Culpepper shrugged in a ‘well what can you do’ gesture and went back to scanning the other side of the river.
“Most likely,” Culpepper agreed. “But at least you’ll be ready for next time.”
Guo said nothing, just frowned again but eventually nodded.
“Sir!” Came the voice of a corporal, running out of the communication tent, the static pops and thrum of radio equipment following him out. Culpepper’s Mandarin was not bad, but it wasn’t good either.
“Yes?” Captain Guo asked
The corporal handed him a piece of paper, saluted then left when Guo returned the salute.
Guo read over the paper, his ever present frown deepening.
“What is it?”Culpepper heard himself ask.
“This, Mister Williams, is a reminder of my country’s failure in unification. The peace talks have concluded, the war is over.”
He put the binoculars down, the leather strap hanging them from his neck. “And the terms?”
“The Yellow River is to remain the border between the Empire of Manchuria and the Republic of China. The Japanese have agreed to withdraw from most of the port cities except for Qingdao, Yantai, Hangzhou, and Shanghai. Those will remain under Japanese military occupation for a period of no less than twenty-five years.”
Culpepper grimaced in understanding. The Japanese likely withdrew from the other port cities due to manpower or logistical issues, or a combination of both, and to end the war on their terms now instead of garrisoning half the Chinese coast, they instead were securing their hold in four of the biggest and most important cities.
“I don’t know what’s going to happen next,” Guo admitted in a downtrodden manner.
“I do.”
“Hmm?”
“There will be peace, of sorts, for a time at least. But war will come again, Captain Guo. Mark my words. And when it does, it’ll be cruel and bloody but I’m certain when the smoke clears and the markers on the map are checked, your country will be reunited under the KMT with the pretender and his Japanese masters driven from your land.”
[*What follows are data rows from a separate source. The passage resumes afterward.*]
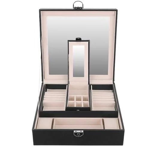 Capacitate mare – cutia de bijuterii oferă un capac detașabil cu 2 compartimente cu role pentru inele, 4 compartimente pentru alte bijuterii și o cutie detașabilă. În partea de jos sunt 6 compartimente suplimentare, 2 inserții pentru ceasuri sau brățări și 1 compartiment mare pentru obiecte mai mari. Toate compartimentele sunt căptușite cu un material moale care protejează bijuteriile de zgârieturi.
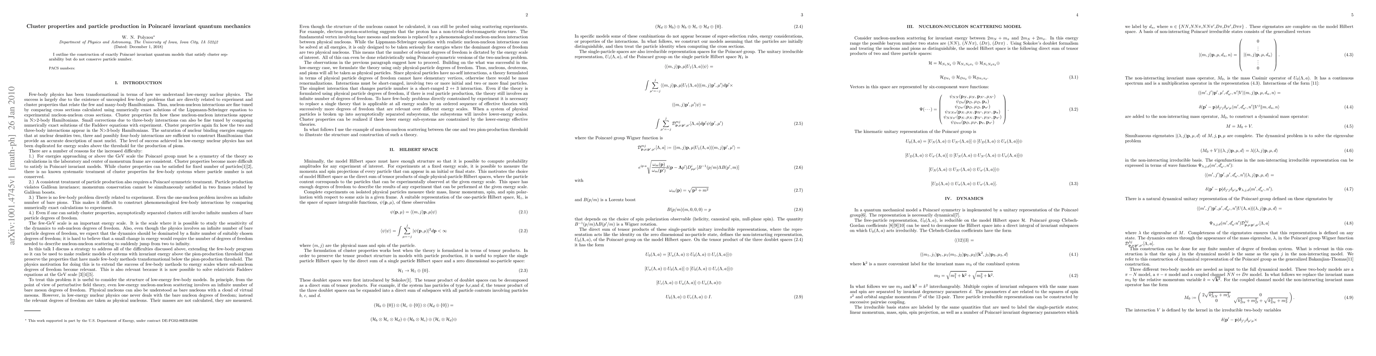 I outline the construction of exactly Poincar\'e invariant quantum models that satisfy cluster separability but do not conserve particle number.
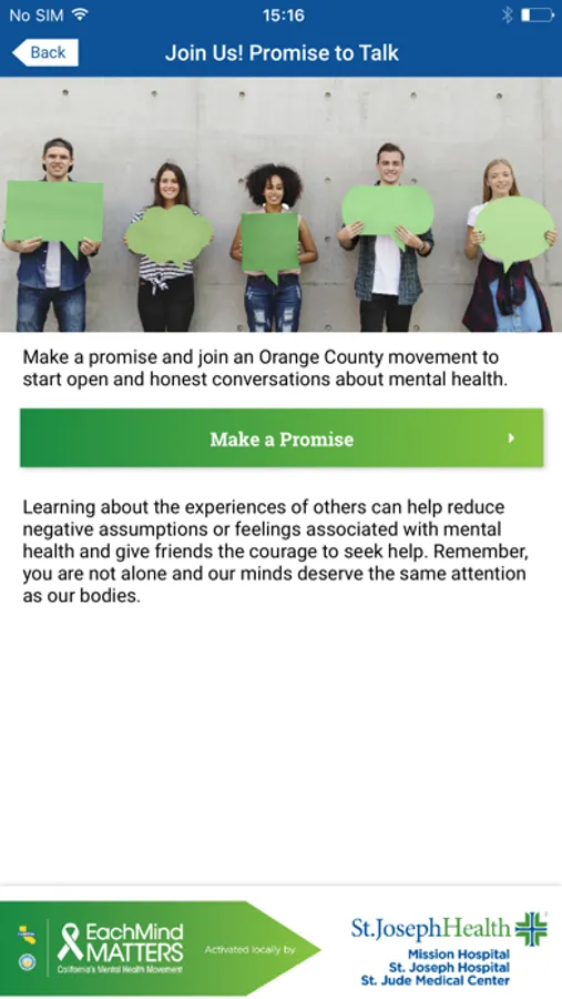 The Promise to Talk app provides a handy directory of local south Orange County mental health resource right at your fingertips. It also provides information about Mission Hospital’s local campaign, how to make a Promise to Talk pledge, how to get a “safe” conversation started, and much more.

Hope stirred in the Chinese man’s face.
“You think so?” He said.
“Damn right I do. And when war breaks out, as I’m sure it will, you can be certain the United Kingdom will be on your side, aiding you in your struggle.”
Guo smiled and turned, walking back to the car.
Culpepper knew he stretched the truth there. it wasn’t so simple. It all depended on when the war started, how it started, and which political party was in charge of the government back home, but he was fairly confident that the British Empire would back the Chinese Nationalist Party when push came to shove. Not out of any true love for the oft-corrupt KMT rife with factionalism and warlordism, but rather because the alternatives were far worse.